Segment Start: GIVEN DATA
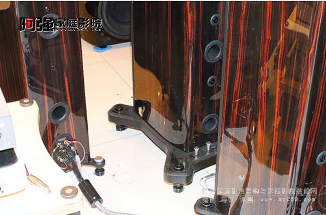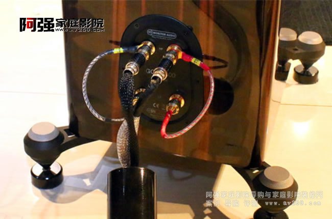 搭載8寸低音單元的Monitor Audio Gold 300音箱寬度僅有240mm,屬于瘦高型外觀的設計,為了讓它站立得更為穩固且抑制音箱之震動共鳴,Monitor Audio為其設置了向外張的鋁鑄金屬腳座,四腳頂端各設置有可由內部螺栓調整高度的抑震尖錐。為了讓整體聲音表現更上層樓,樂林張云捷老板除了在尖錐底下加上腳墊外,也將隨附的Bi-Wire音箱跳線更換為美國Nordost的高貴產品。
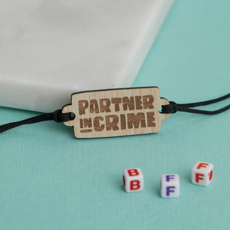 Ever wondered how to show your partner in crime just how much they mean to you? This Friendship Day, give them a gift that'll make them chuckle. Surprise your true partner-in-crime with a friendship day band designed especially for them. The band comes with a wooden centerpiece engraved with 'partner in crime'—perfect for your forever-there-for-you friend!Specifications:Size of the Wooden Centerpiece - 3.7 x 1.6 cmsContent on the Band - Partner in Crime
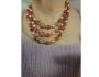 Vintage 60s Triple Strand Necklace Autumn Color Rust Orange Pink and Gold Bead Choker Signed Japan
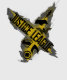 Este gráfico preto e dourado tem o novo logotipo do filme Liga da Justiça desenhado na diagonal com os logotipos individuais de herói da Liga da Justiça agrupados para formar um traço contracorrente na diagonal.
Segment End: GIVEN DATA
EXERCISE INSTRUCTIONS:
Please output the material as written, apart from the images.

YOUR RESPONSE:
 搭載8寸低音單元的Monitor Audio Gold 300音箱寬度僅有240mm,屬于瘦高型外觀的設計,為了讓它站立得更為穩固且抑制音箱之震動共鳴,Monitor Audio為其設置了向外張的鋁鑄金屬腳座,四腳頂端各設置有可由內部螺栓調整高度的抑震尖錐。為了讓整體聲音表現更上層樓,樂林張云捷老板除了在尖錐底下加上腳墊外,也將隨附的Bi-Wire音箱跳線更換為美國Nordost的高貴產品。
 Ever wondered how to show your partner in crime just how much they mean to you? This Friendship Day, give them a gift that'll make them chuckle. Surprise your true partner-in-crime with a friendship day band designed especially for them. The band comes with a wooden centerpiece engraved with 'partner in crime'—perfect for your forever-there-for-you friend!Specifications:Size of the Wooden Centerpiece - 3.7 x 1.6 cmsContent on the Band - Partner in Crime
 Vintage 60s Triple Strand Necklace Autumn Color Rust Orange Pink and Gold Bead Choker Signed Japan
 Este gráfico preto e dourado tem o novo logotipo do filme Liga da Justiça desenhado na diagonal com os logotipos individuais de herói da Liga da Justiça agrupados para formar um traço contracorrente na diagonal.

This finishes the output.